Fig. 2. Oxygen consumption in RCC exposed to complex I inhibition by rotenone. RCC were treated with various concentrations of rotenone (1–50 nM) for 1 h before measurement of cell respiration. Cell respiration was expressed as the rate of oxygen consumption per million of cells. Data were obtained from three separate experiments.

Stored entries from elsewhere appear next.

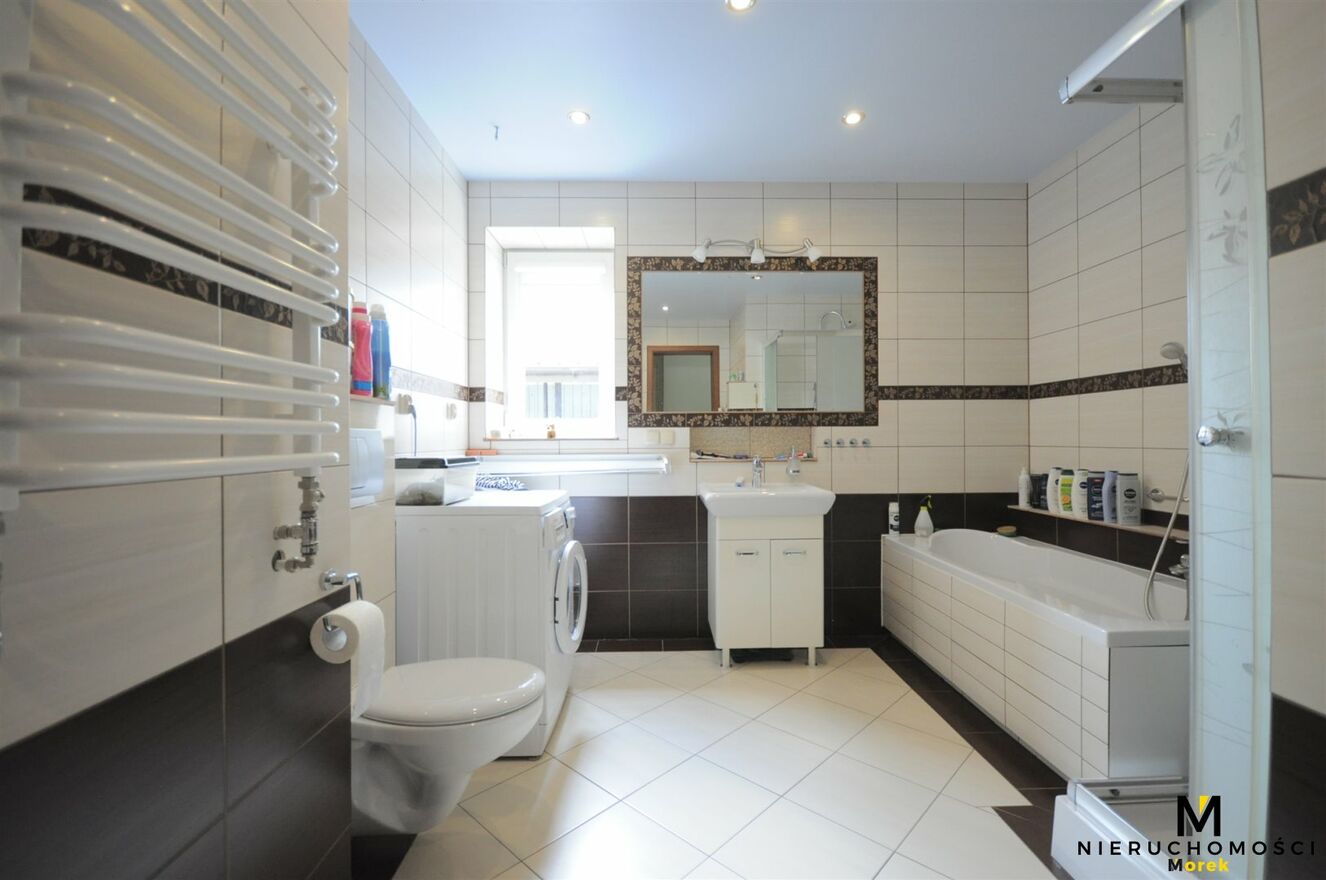 Na parterze mieszkanie dla właścicieli składające się z trzech dużych pokoi, oddzielnej kuchni, łazienki, WC kotłowni, i garażu z bramą elektryczną.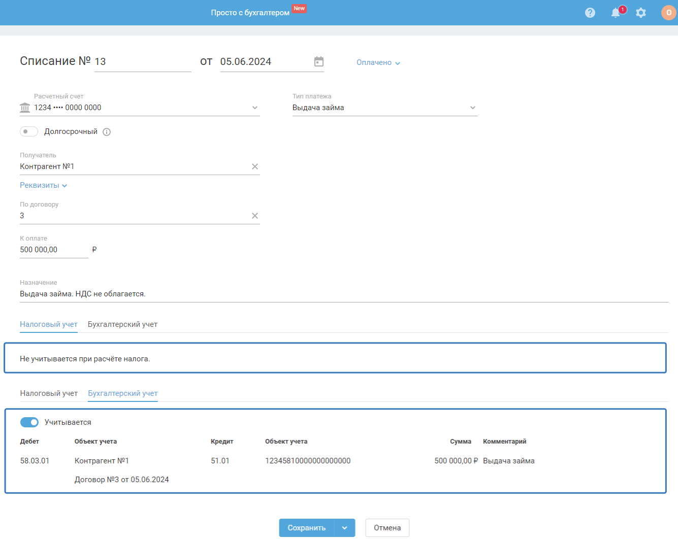 Опция «Учитывается» в блоке «Бухгалтерский учёт» позволяет отменять учёт созданного списания в бухгалтерском учёте. В такой ситуации операция будет отображена в сервисе, однако проводки бухгалтерского учёта по ней сформированы не будут. Рекомендуем с осторожностью подходить к использованию данной опции, так как могут быть искажены данные бух. учёта.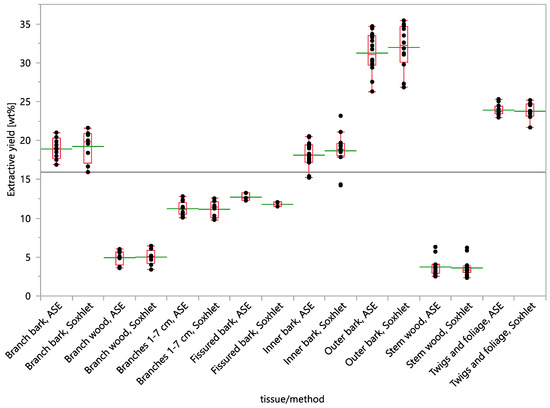 Hence, we had the specific objectives to (a) study the influence of the extraction methods of Soxhlet and accelerated solvent extraction (ASE) on the extractive yield and composition; (b) investigate the influence of stem height on the extractive content and composition; and (c) investigate the extractive content and composition of different stem and branch tissues to create a first comparable data basis for future predictions of larger sample numbers based on one defined solvent system.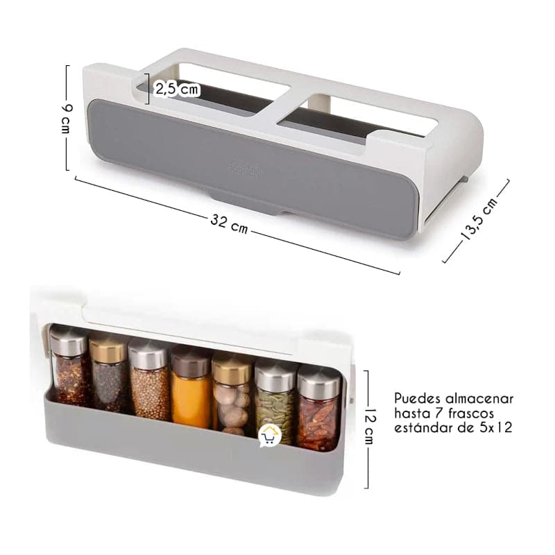 Con este organizador, tus especias estarán al alcance de la mano en todo momento, facilitando tus tareas culinarias diarias. Además, su apariencia elegante y moderna complementará la decoración de tu cocina. Añade funcionalidad y estilo a tu espacio culinario con nuestro organizador de especias con soporte para repisa.
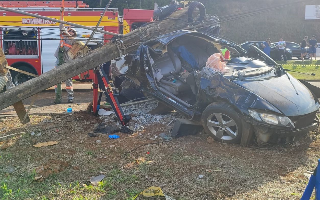 Grave colisão de carro contra poste deixa motorista ferido em Chapecó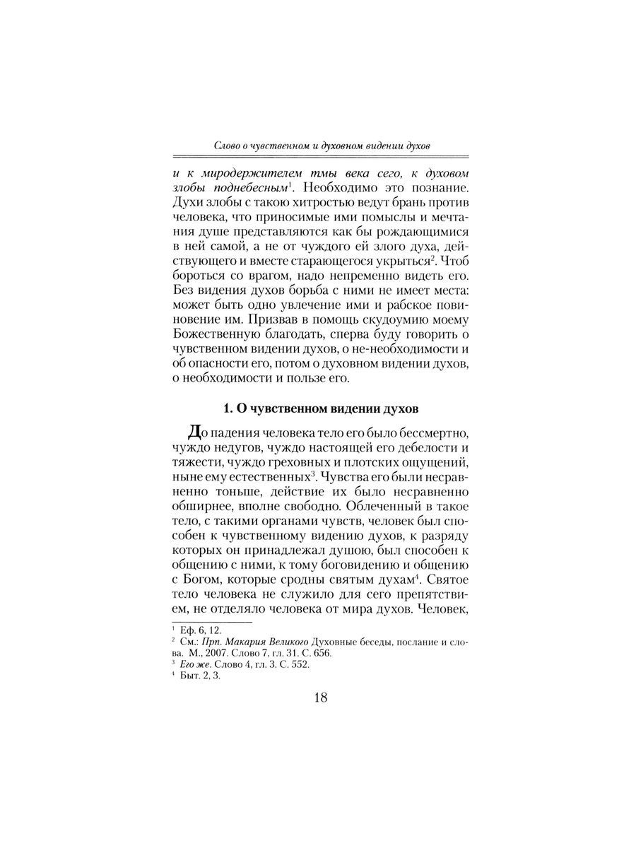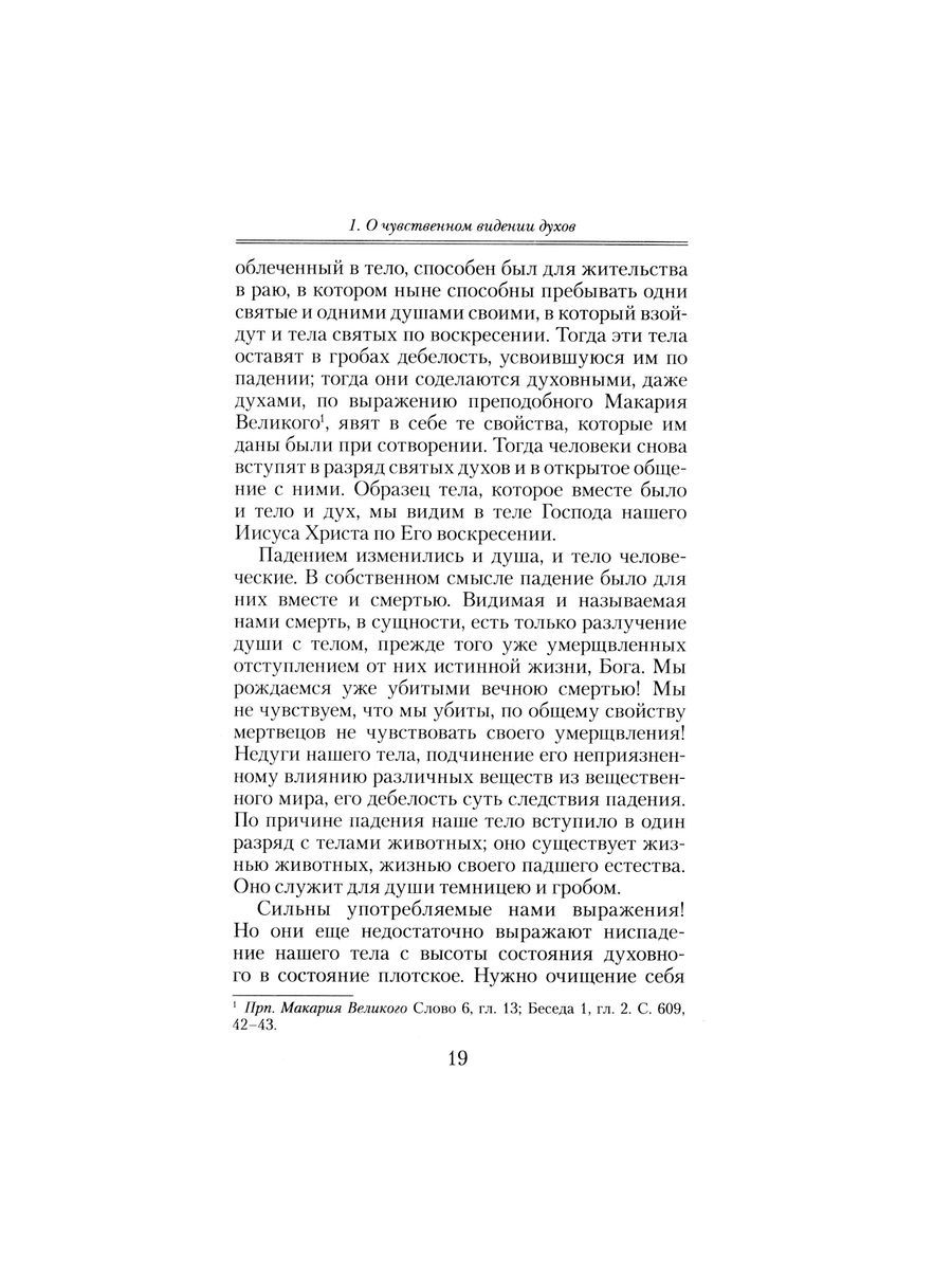 Вошедшие в книгу сочинения святителя Игнатия (Брянчанинова) "Слово о чувственном и духовном видении духов" и "Слово о смерти" раскрывают перед читателем таинственный духовный мир, мир Ангелов и бесов, тайны загробной жизни души после телесной смерти человека, на ярких и наглядных примерах учат тому, как правильно относиться к явлениям из потустороннего мира, как нужно наладить свою духовную жизнь, чтобы не обольститься приманками лукавых духов, но спасти свою душу для вечной жизни. Текст приближен к современным нормам орфографии и пунктуации и снабжен словарем малопонятных слов.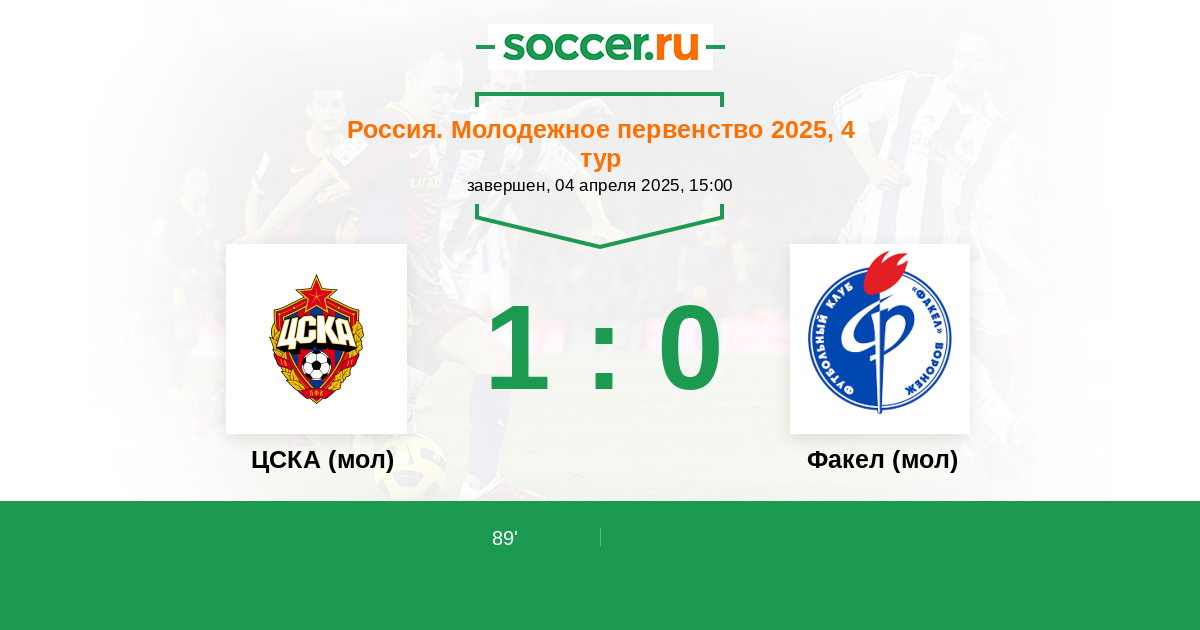 Протокол матча ЦСКА (мол) против Факел (мол)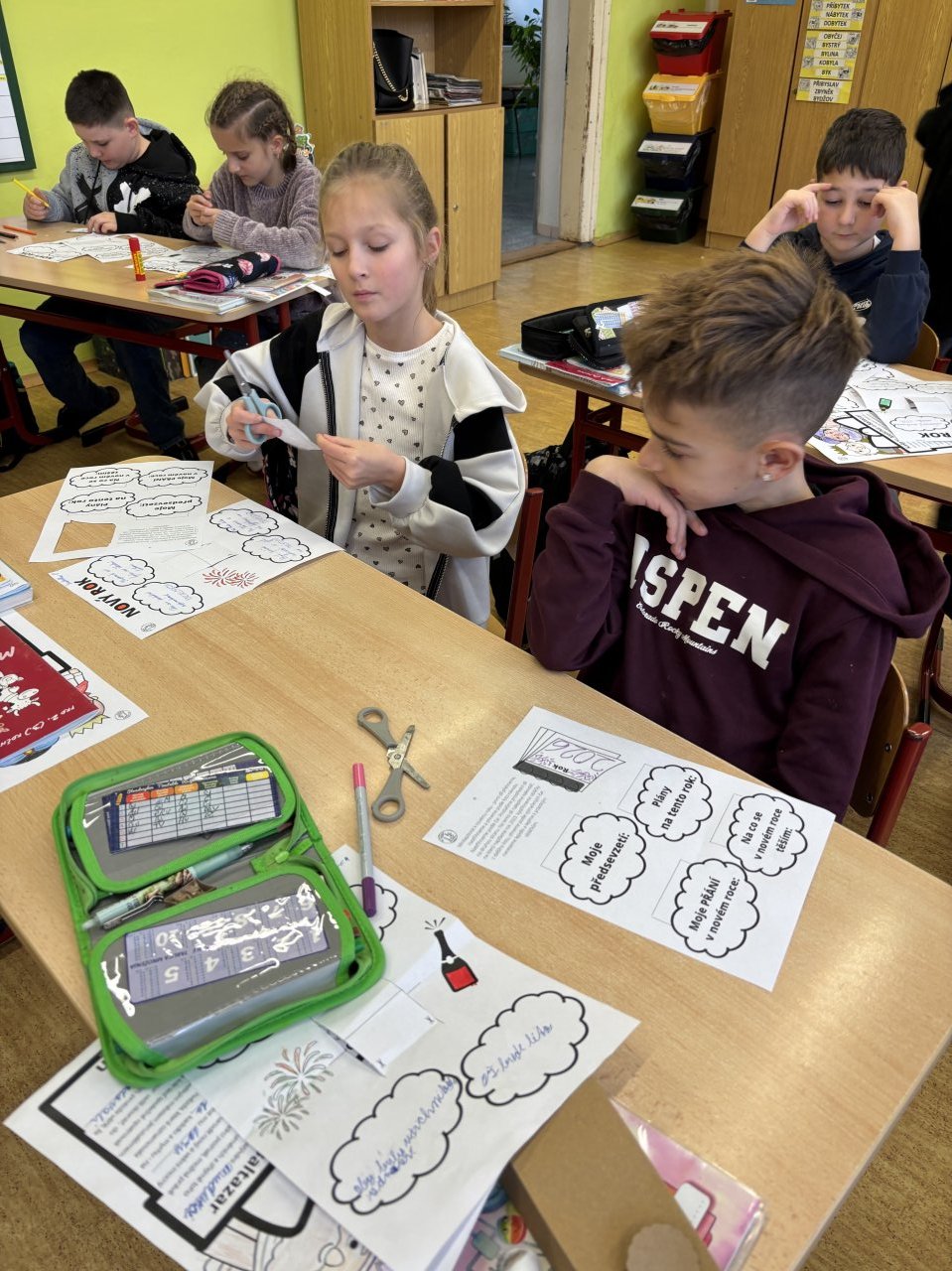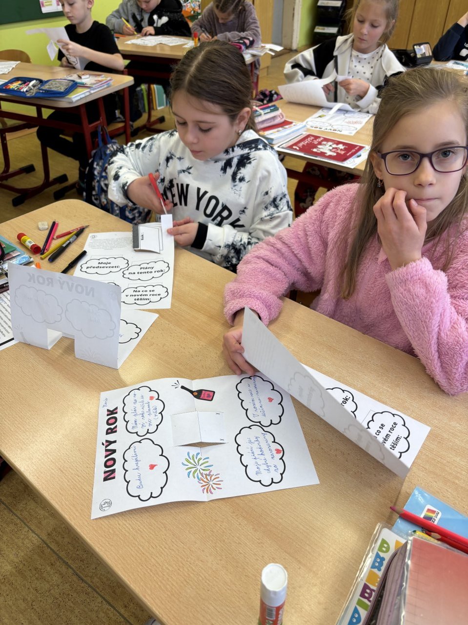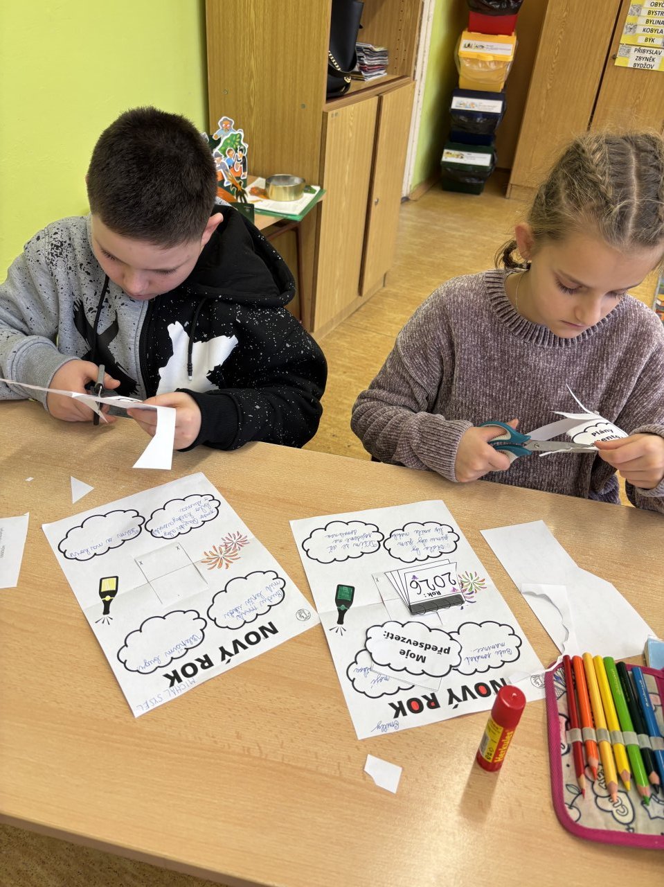 Po návratu do školy po vánočních prázdninách tvořili žáci 3. třídy lapbook, do kterého si zapisovali svá předsevzetí, plány na tento rok, přání do nového roku a také to, na co se těší.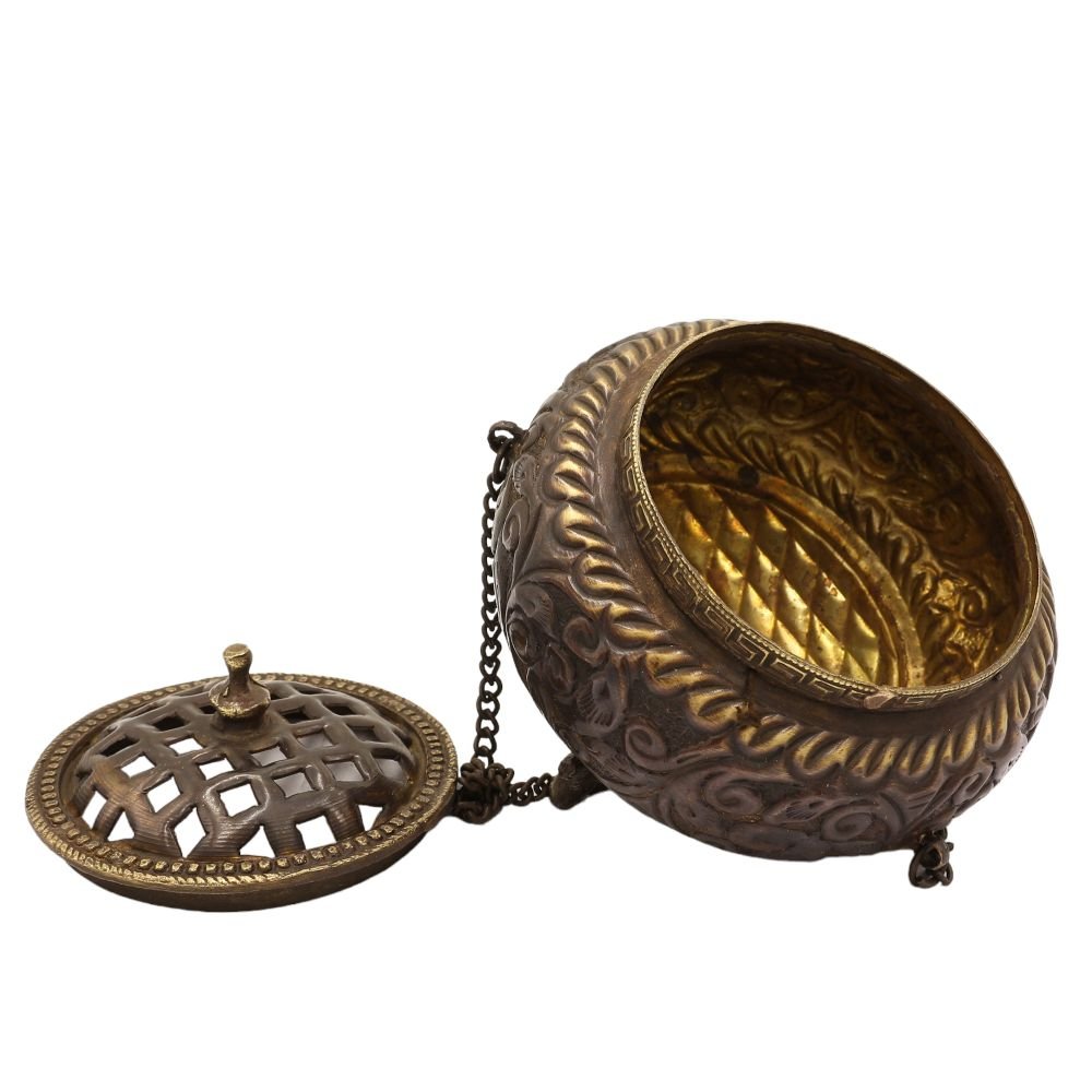 Sang Phulpa Hand Beaten Metal Incense Burner, Brass and Copper, Hanging & Swinging, Sangbur |

Fig. 3. Effect of rotenone on the viability of neural and glial retinal cells in culture. (A) RCC exposed to rotenone (1–100 nM) for 48 h showed a dosedependent decrease in cell viability compared to untreated cultures, assessed with the MTT assay. Data were obtained from twelve separate experiments. F(3, 47) = 97.99, **p < 0.01 compared to untreated. ***p < 0.001 compared to untreated. (B) The selective effect of rotenone (1–100 nM, 48 h) on the viability of neural and glial cells was tested by counting the number of PGP9.5 and vimentin-immunoreactive cells, respectively (see text). Five microscopic fields per coverslips were manually counted in six independent experiments. F(3, 23) = 157.2 for PGP9.5-IR cells. F(3, 23) = 213.5 for vimentin-IR cells. **p < 0.01 compared to untreated cells. ***p < 0.001 compared to untreated cells. (C) The decrease in cell viability caused by rotenone (100 nM, 48 h) in RCC was partially counteracted by simultaneous addition of the vitamin E analogue trolox or the AMPA/kainate glutamate receptor antagonist CNQX, but not by the NMDA glutamate receptor antagonist MK-801. Data were obtained by eight independent experiments. See Table 1 for 2-way ANOVA analysis. ***p < 0.001 compared to rotenone 100 nM.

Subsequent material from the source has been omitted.